13 Explicit Semantic Analysis

Learn how to use Explicit Semantic Analysis (ESA) as an unsupervised algorithm using Oracle Data Mining Feature Extraction mining function.

13.1 About Explicit Semantic Analysis

Explicit Semantic Analysis (ESA) is an unsupervised algorithm used by Oracle Data Mining for feature extraction. ESA does not discover latent features but instead uses explicit features based on an existing knowledge base.

An attribute vector consisting of numeric and/or categorical values represents each feature (concept). The values quantify the strength of the association between attributes and concepts. ESA creates a reverse index that list the most important concepts for each attribute.

The input to ESA is a set of attributes vectors. The output of ESA is a sparse attribute-concept matrix that contains the most important attribute-concept associations. The strength of the association is captured by the weight value of each attribute-concept pair.

Note:

The ESA algorithm does not project the original feature space and does not reduce its dimensionality. ESA algorithm filters out features with limited or uninformative set of attributes.

13.1.1 Scoring with ESA

Learn to score with Explicit Semantic Analysis (ESA).

A typical application of ESA is to identify the most relevant features of a given input and score their relevance. Scoring an ESA model produces data projections in the concept feature space. The SQL scoring function of the feature extraction supports ESA model. If an ESA model is built from an arbitrary collection of documents, then each one is treated as a feature. It is then easy to identify the most relevant documents in the collection. The feature extraction functions are: FEATURE_DETAILS, FEATURE_ID, FEATURE_SET, FEATURE_VALUE, and FEATURE_COMPARE.

13.1.2 Scoring Large ESA Models

Building an Explicit Semantic Analysis (ESA) model on a large collection of text documents can result in a model with many features or titles. The model information for scoring is loaded into System Global Area (SGA) as a shared (shared pool size) library cache object. Different SQL predictive queries can reference this object.
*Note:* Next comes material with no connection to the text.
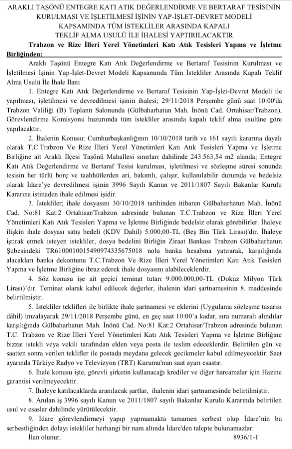 Trabzon ve Rize Katı atık tesisi Araklı’da yapılacak: İhale açıldı. İhale duyurusu Resmi Gazetede yayınlandı.

When the model size is large, it is necessary to set the SGA parameter in the database to a sufficient size that accommodates large objects.

If the SGA is too small, the model may need to be re-loaded every time it is referenced which is likely to lead to performance degradation.

13.2 ESA for Text Mining

Learn how Explicit Semantic Analysis (ESA) can be used for Text mining.

Explicit knowledge often exists in text form. Multiple knowledge bases are available as collections of text documents. These knowledge bases can be generic, for example, Wikipedia, or domain-specific. Data preparation transforms the text into vectors that capture attribute-concept associations. ESA is able to quantify semantic relatedness of documents even if they do not have any words in common. The function FEATURE_COMPARE can be used to compute semantic relatedness.

13.3 Data Preparation for ESA

Automatic Data Preparation normalizes input vectors to a unit length for Explicit Semantic Analysis (ESA).

When there are missing values in columns with simple data types (not nested), ESA replaces missing categorical values with the mode and missing numerical values with the mean. When there are missing values in nested columns, ESA interprets them as sparse. The algorithm replaces sparse numeric data with zeros and sparse categorical data with zero vectors. The Oracle Data Mining data preparation transforms the input text into a vector of real numbers. These numbers represent the importance of the respective words in the text.